BPDFamily.com

Relationship Partner with BPD (Straight and LGBT+) => Romantic Relationship | Conflicted About Continuing, Divorcing/Custody, Co-parenting => Topic started by: socketrocket99 on January 29, 2018, 03:08:44 PM



Title: Platonic Co Parent
Post by: socketrocket99 on January 29, 2018, 03:08:44 PM
Hello - I am looking for online support for a situation I am currently in. I entered into a platonic co-parenting arrangement and recently welcoming my bundle of joy into the world. The mother of my child and I have known each other professionally for years, but really started to get to know each other over 2017. After some major changes in her life, and me spending time/moving in with her because of the child, I have seen traits of BPD exhibited over the last 5 months. As a part of our arrangement, we plan to live together for the first year and then split custody 50/50. A contract was pulled together but now she is essentially stonewalling the movement of the contract. Any time I ask for anything, she refuses to discuss and digs in her heels. Any recommendations on how to make a breakthrough for the sake of the child?

Thanks!


Title: Re: Platonic Co Parent
Post by: ForeverDad on January 31, 2018, 10:32:03 AM
A lot depends on how your state, province or even country would handle the legal issues.  Some of this would be dependent on legal advice and related strategies.  For example, I've heard unmarried birth mothers in Georgia have default preference over the father to a great extent.  Is there a father that is or could become involved?

Are you providing financial support?  I mean child-related support?  I suspect that she might claim you two were just roommates sharing expenses if it became a legal conflict.  However, there are some ways to minimize triggering her and you can browse our site for ideas.  But it may be that, no matter what you do, she will stonewall any final work on a shared enforceable custody deal.  She sold you on the idea of platonic motherhood and has delayed real action on it for half a year.  Are you paying half the expenses?  Could she have been using you for financial reasons?  There is a possibility you may have to step out and away if her current actions continue.

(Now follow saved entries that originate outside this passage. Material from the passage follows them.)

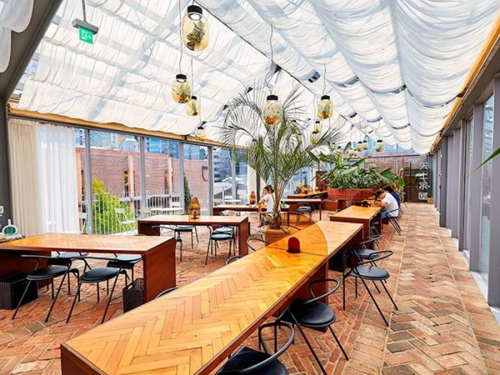 如果走累了,可以前往三樓的天上家屋露臺咖啡廳坐坐。咖啡廳內部設有以由白色遮陽篷遮蔽的玻璃屋頂,顯得相當高雅,並且擺設了許多綠色植物,讓人感到溫馨又輕鬆自在。在戶外露臺坐下,一邊享用清涼飲料和甜點,一邊俯瞰聖水聯邦的中央廣場,這樣的時間也相當愜意。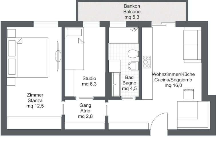 For sale is a light-flooded 2 -room apartment on the 4th floor (with elevator) in Via San Vigilio, which offers a modern and comfortable home with a net living space of 43 m² .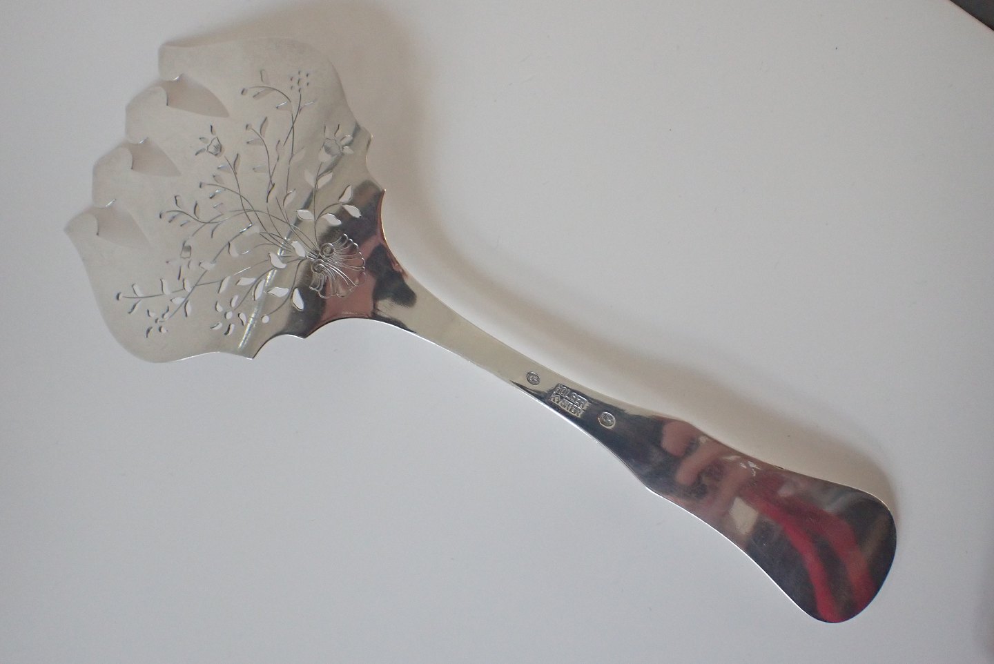 Beskrivelse: Holger Kyster (1898 - 1944) - fiskespade i 825 sølv med perforeret og påsat blomstermotiv. Stemplet Holger Kyster og 2 gange fuglen fra Kolding byvåben. Vægt 106 gram. Længde: 23,2 cm.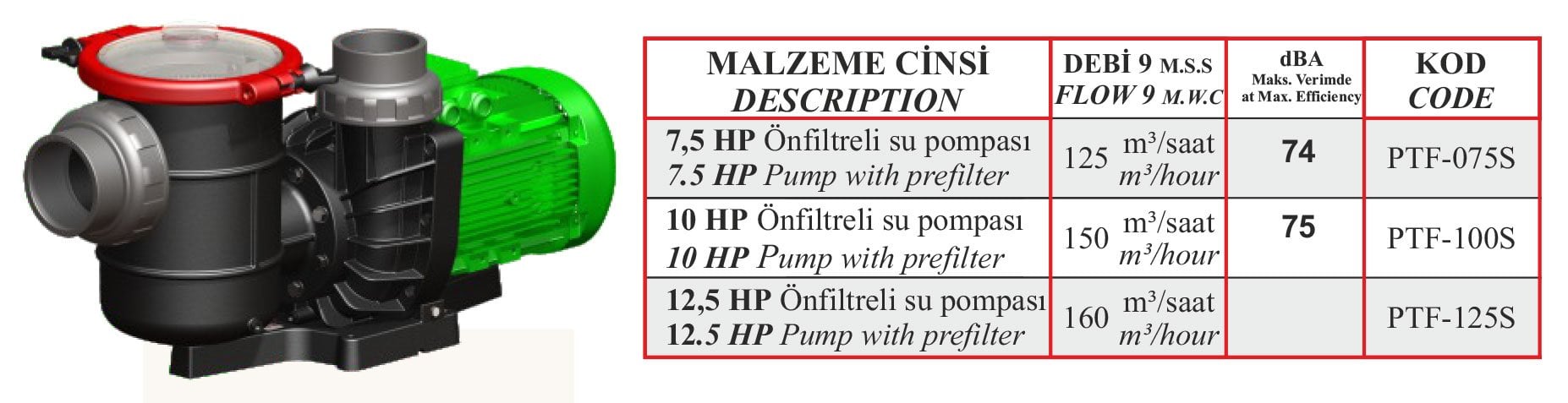 Süper Tufan Serisi Ön Filtreli Havuz Pompası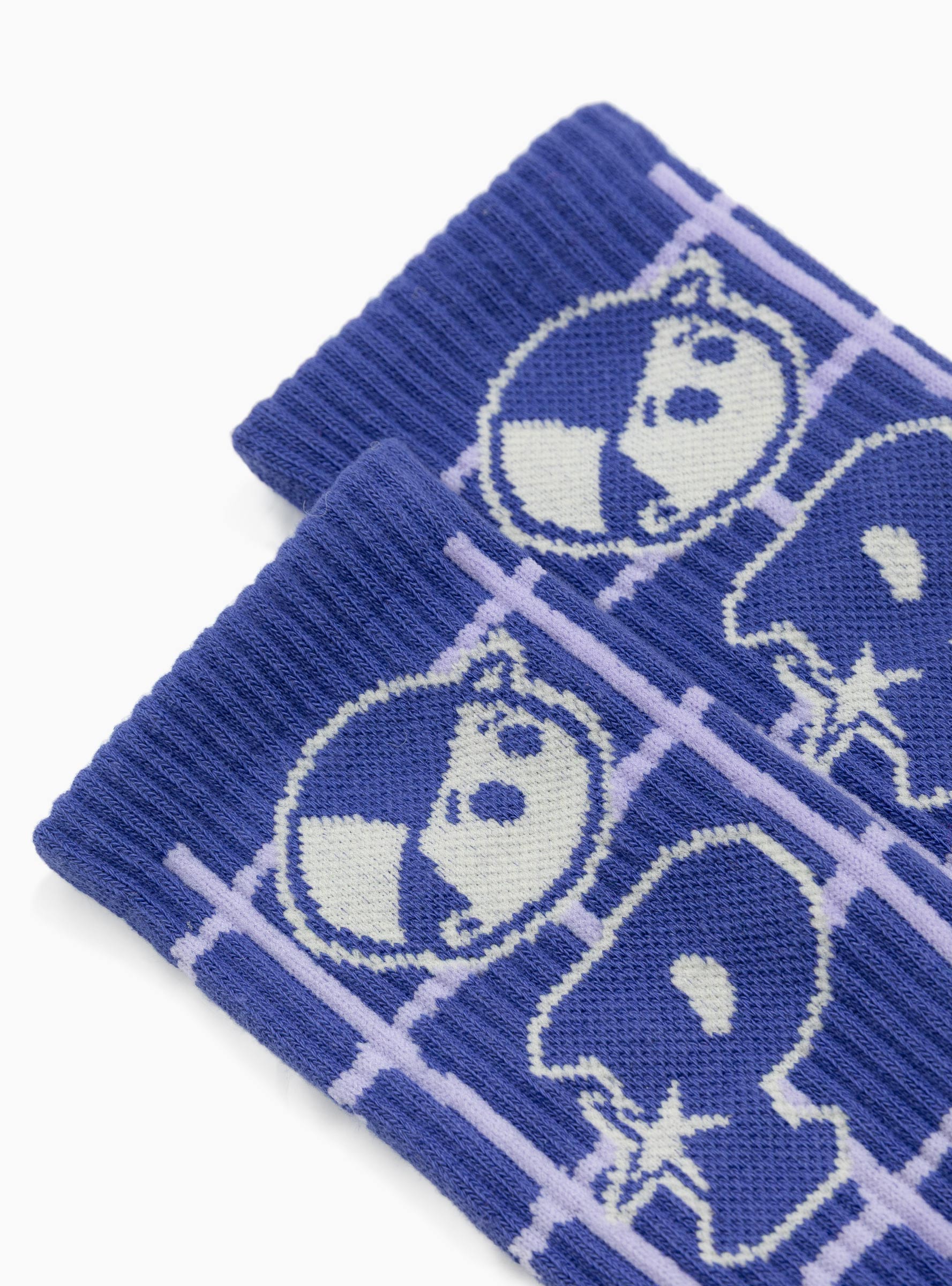 The Tartan Classic Socks come in Blue from Pawa Speed Sports and are made from a cotton blend. Designed in a jacquard sports sock construction, they feature a blue and purple tartan pattern with the brand’s classic boy logo at the side, finished with a ribbed cuff.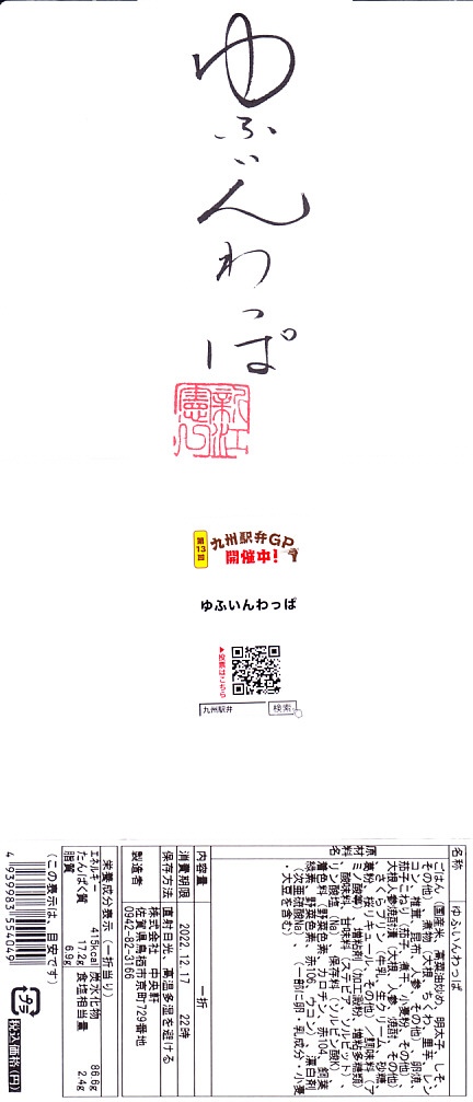 2006(平成18)年1月1日に購入した、車内弁当の包装紙。その絵柄は、上記の2010年のものと変わらない。JR九州の駅弁キャンペーン「第2弾、「九州の駅弁」ランキング!」でのみ実施されたシールラリーの応募シールが貼られていた。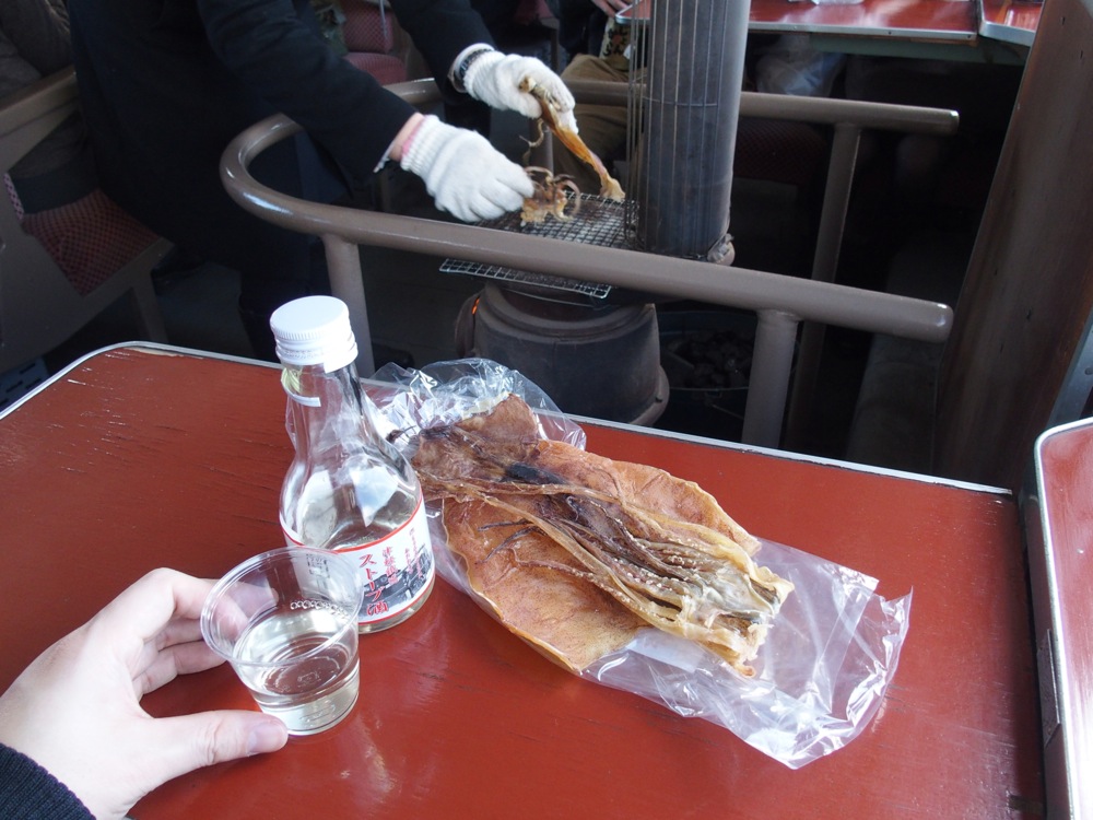 そして車内ではスルメや日本酒等の販売もあり、早速購入して楽しみます。勿論、スルメは前述のダルマストーブで炙ってくれます。どちらもオリジナル商品で、よく見ると日本酒の名前は「ストーブ酒」。ラベルにはストーブ列車と踏切の写真が掲載されており、踏切注意が“飲み過ぎ注意”になっていました(笑)。それにしても、この旧型車両の持つ、独特の温もり…とでも言うのでしょうか。本当に落ち着きます。これが本来の汽車旅なのではないかと思って旅情に耽ってしまうのは、日本酒を飲んでいたせいかもしれませんが…。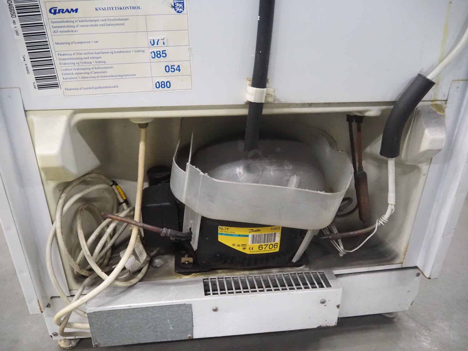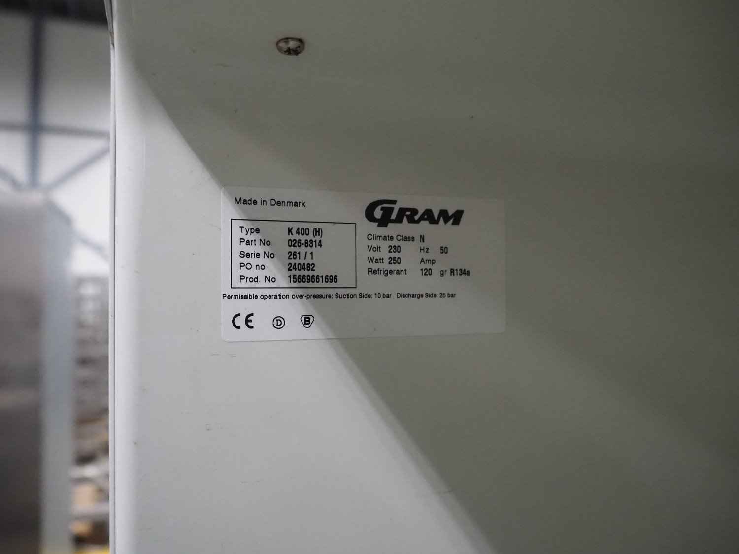 Gram refrigerator, type: K 400 (H), serial number: 261/1, 230 V, 50 Hz, refrigerant: 120 gr R134a, inside dimensions: 500 mm x 450 mm x 1500 mm, total dimensions: 600 mm x 600 mm x 1720 mm.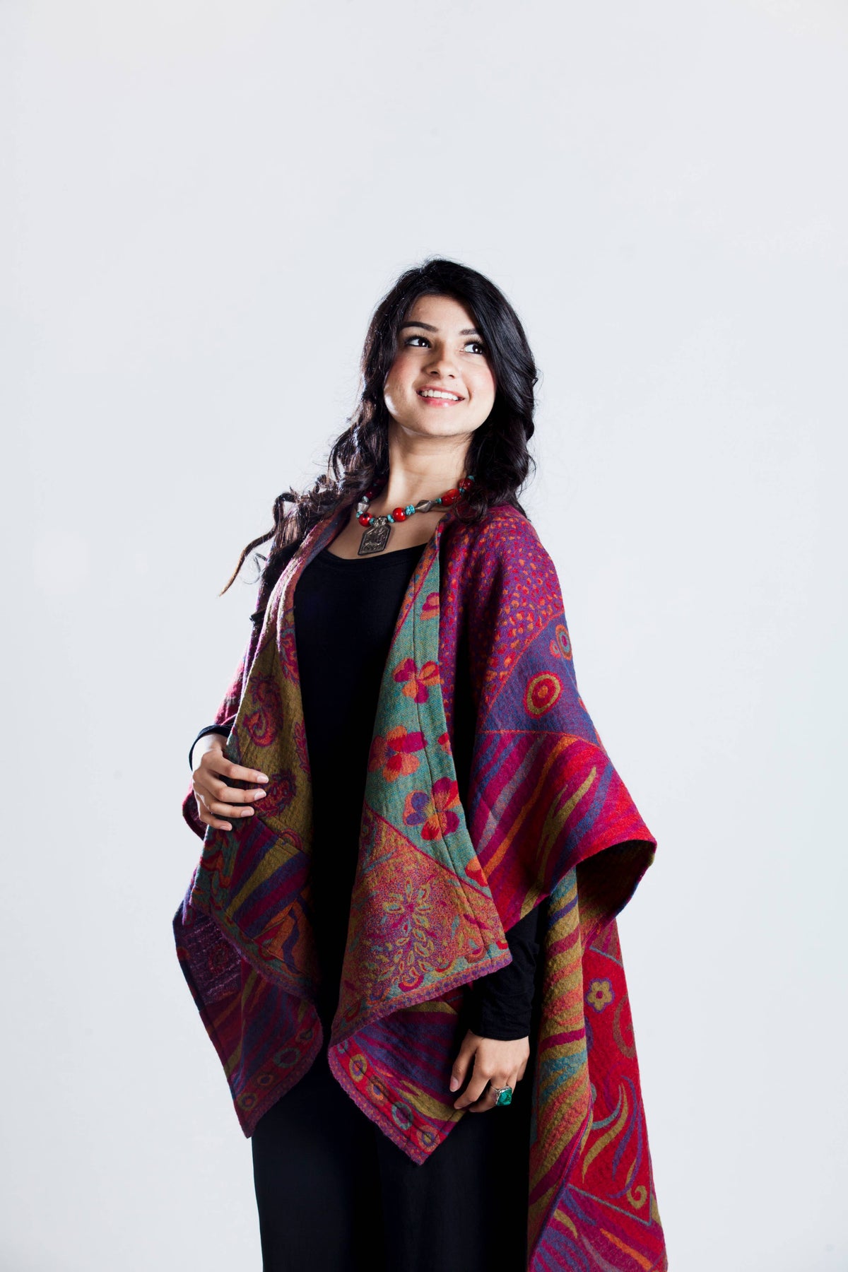 This Poncho is a Perfect compliment for any body type ,a mix of patterns & an array of colors to lift your mood & add colors to your wardrobe, the possibilities are endless.
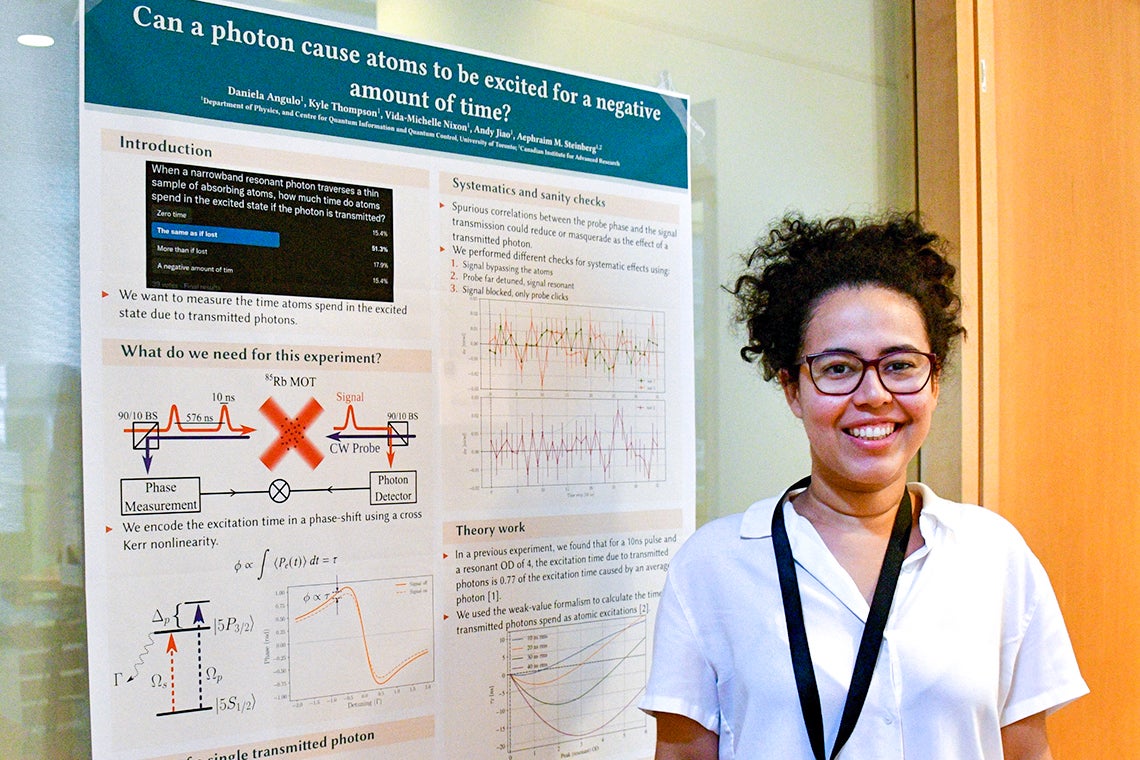 Daniela Angulo Murcillo, a graduate student in the quantum optics group in U of T’s department of physics, presented a poster, “Measuring the Atomic Excitation Time due to Narrowband Resonant Photons that are Transmitted,” that described work she and her collaborators are conducting under the supervision of Steinberg.

Title: Re: Platonic Co Parent
Post by: Radcliff on February 03, 2018, 11:39:43 PM
socketrocket99, starting with the basics first, are you the biological dad?  Was the baby conceived the old-fashioned way, or through a means like artificial insemination where there would be some record of your involvement?  

Do you have a family lawyer?  :)oes she have a lawyer?  If both, is there any chance for the lawyers to talk?

Prior to the contract, how did you communicate to form the arrangement?  :)o you have any e-mails, for example, documenting your agreements?